Work item
Give the lines again exactly as they appear below, from the line with "L'autobus si trova" to the line with "宕昌縣公共供水管網(wǎng)漏損治理工程(管網(wǎng)普查)", both included, and only those lines. Leave every picture out.

Provided records
════════

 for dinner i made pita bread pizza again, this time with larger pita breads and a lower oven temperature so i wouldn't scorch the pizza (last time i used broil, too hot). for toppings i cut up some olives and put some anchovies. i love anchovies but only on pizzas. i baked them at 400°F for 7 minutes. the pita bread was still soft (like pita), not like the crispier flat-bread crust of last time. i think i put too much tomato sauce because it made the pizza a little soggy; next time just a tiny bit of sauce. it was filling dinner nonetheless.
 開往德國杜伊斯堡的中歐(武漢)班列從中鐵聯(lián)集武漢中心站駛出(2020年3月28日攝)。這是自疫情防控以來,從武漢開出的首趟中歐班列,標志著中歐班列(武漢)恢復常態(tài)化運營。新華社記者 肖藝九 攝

════════

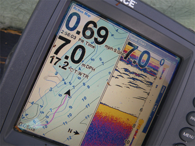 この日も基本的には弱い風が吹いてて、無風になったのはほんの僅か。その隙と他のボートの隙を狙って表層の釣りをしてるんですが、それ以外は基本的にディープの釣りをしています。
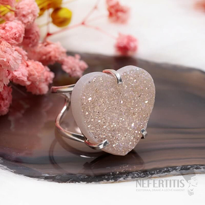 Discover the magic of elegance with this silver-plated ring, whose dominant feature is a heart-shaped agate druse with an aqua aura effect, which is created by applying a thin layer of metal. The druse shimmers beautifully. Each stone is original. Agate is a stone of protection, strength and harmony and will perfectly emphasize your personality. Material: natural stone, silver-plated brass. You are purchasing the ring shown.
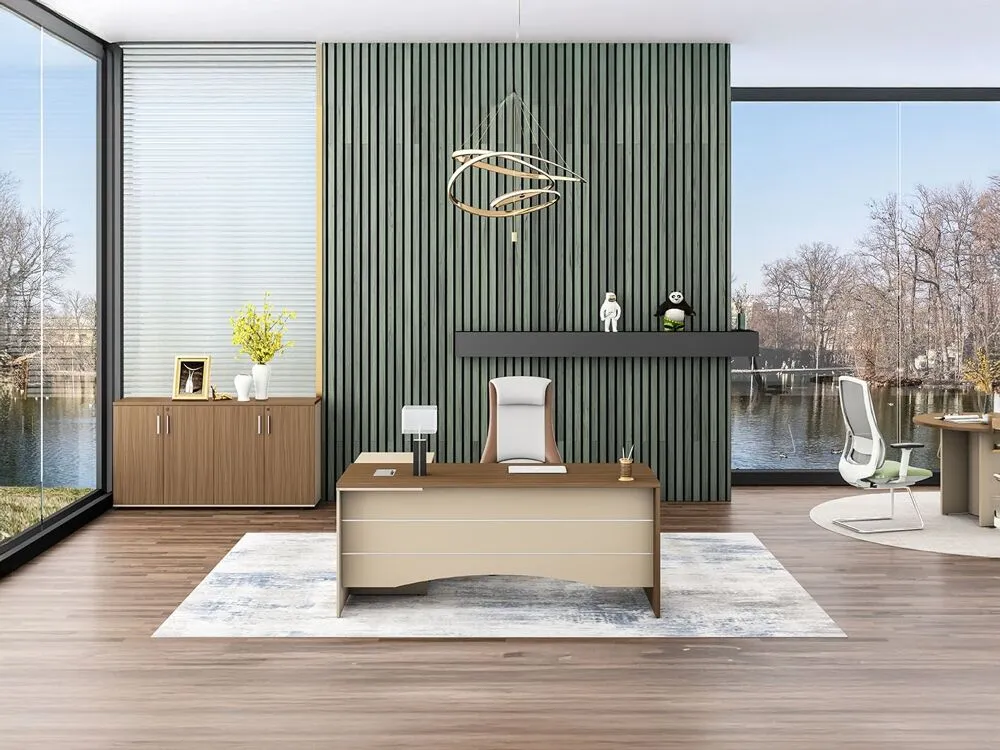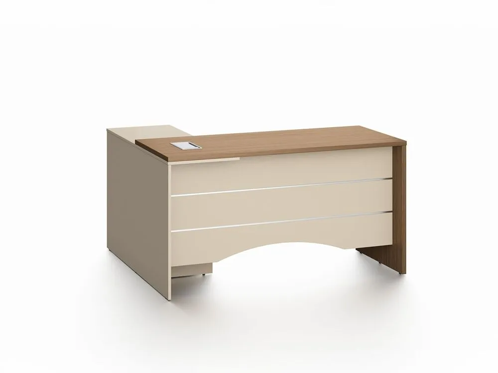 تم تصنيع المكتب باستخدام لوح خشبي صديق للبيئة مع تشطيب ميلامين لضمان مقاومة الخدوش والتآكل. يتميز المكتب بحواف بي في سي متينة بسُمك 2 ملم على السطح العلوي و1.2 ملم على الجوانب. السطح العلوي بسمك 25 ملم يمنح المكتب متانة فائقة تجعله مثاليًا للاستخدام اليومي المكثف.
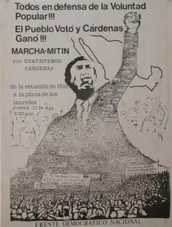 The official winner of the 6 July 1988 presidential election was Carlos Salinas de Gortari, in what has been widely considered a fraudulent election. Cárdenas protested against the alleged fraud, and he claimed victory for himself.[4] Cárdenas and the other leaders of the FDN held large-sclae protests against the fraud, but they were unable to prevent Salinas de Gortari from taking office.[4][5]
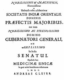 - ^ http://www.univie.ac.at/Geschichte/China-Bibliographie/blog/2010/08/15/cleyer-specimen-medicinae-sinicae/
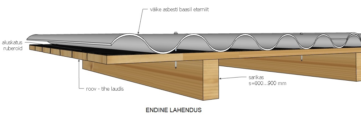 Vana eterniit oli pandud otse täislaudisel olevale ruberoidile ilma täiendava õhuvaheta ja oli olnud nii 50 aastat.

════════

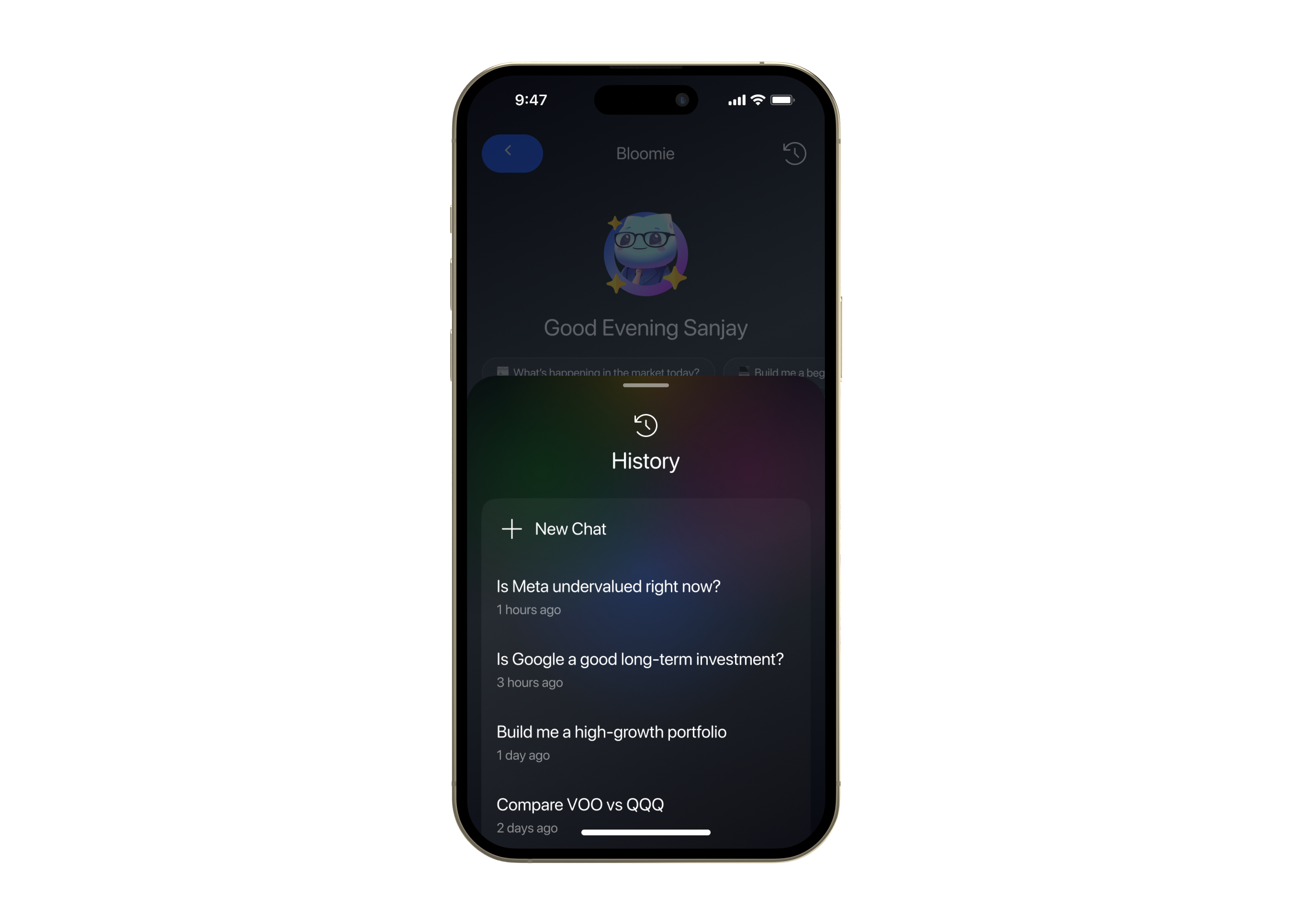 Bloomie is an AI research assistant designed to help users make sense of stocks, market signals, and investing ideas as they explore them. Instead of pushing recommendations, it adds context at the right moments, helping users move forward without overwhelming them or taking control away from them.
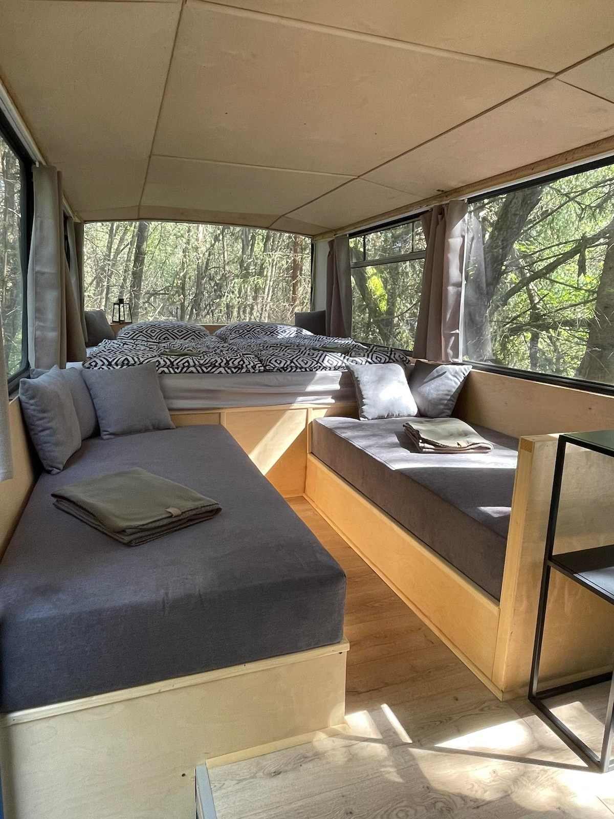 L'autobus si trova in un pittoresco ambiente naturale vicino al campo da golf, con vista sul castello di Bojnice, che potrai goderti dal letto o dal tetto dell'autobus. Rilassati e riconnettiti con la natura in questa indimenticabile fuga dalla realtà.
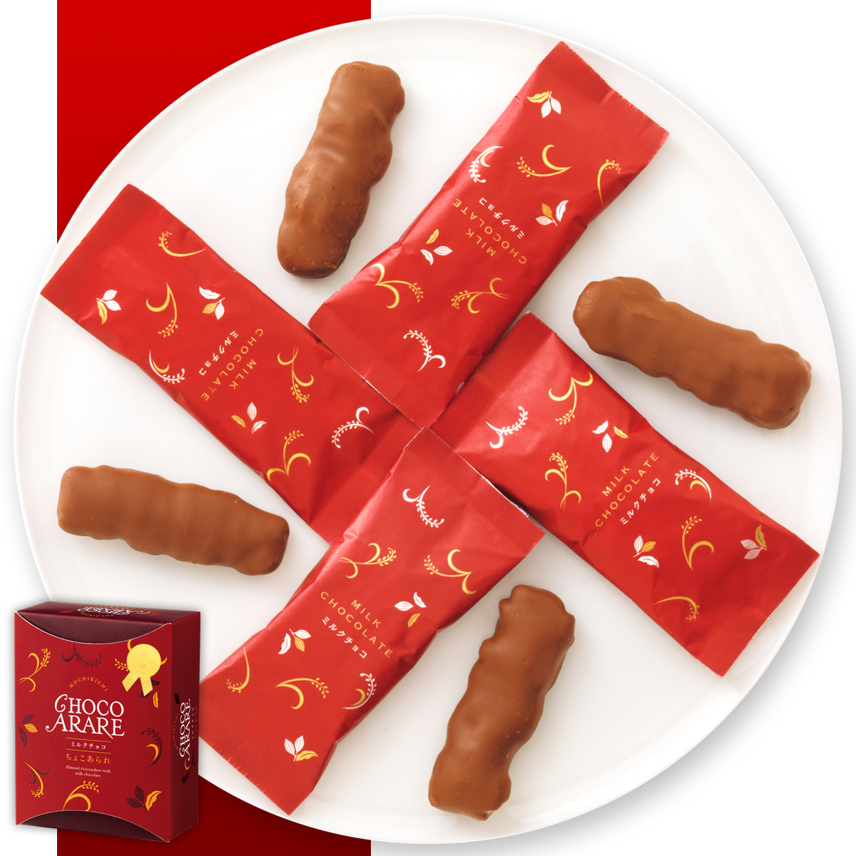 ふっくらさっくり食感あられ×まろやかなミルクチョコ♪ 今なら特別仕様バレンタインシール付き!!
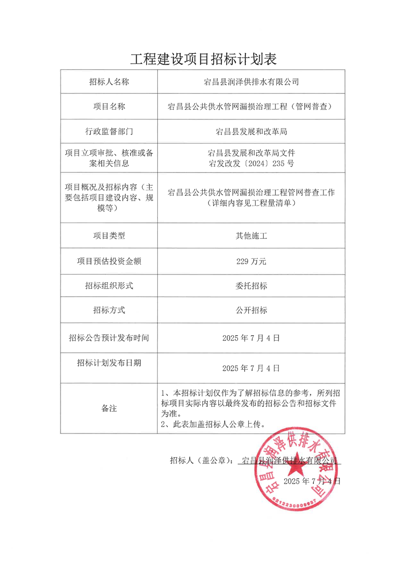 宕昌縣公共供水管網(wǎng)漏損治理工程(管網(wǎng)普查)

════════

Solution to the exercise
 L'autobus si trova in un pittoresco ambiente naturale vicino al campo da golf, con vista sul castello di Bojnice, che potrai goderti dal letto o dal tetto dell'autobus. Rilassati e riconnettiti con la natura in questa indimenticabile fuga dalla realtà.
 ふっくらさっくり食感あられ×まろやかなミルクチョコ♪ 今なら特別仕様バレンタインシール付き!!
 宕昌縣公共供水管網(wǎng)漏損治理工程(管網(wǎng)普查)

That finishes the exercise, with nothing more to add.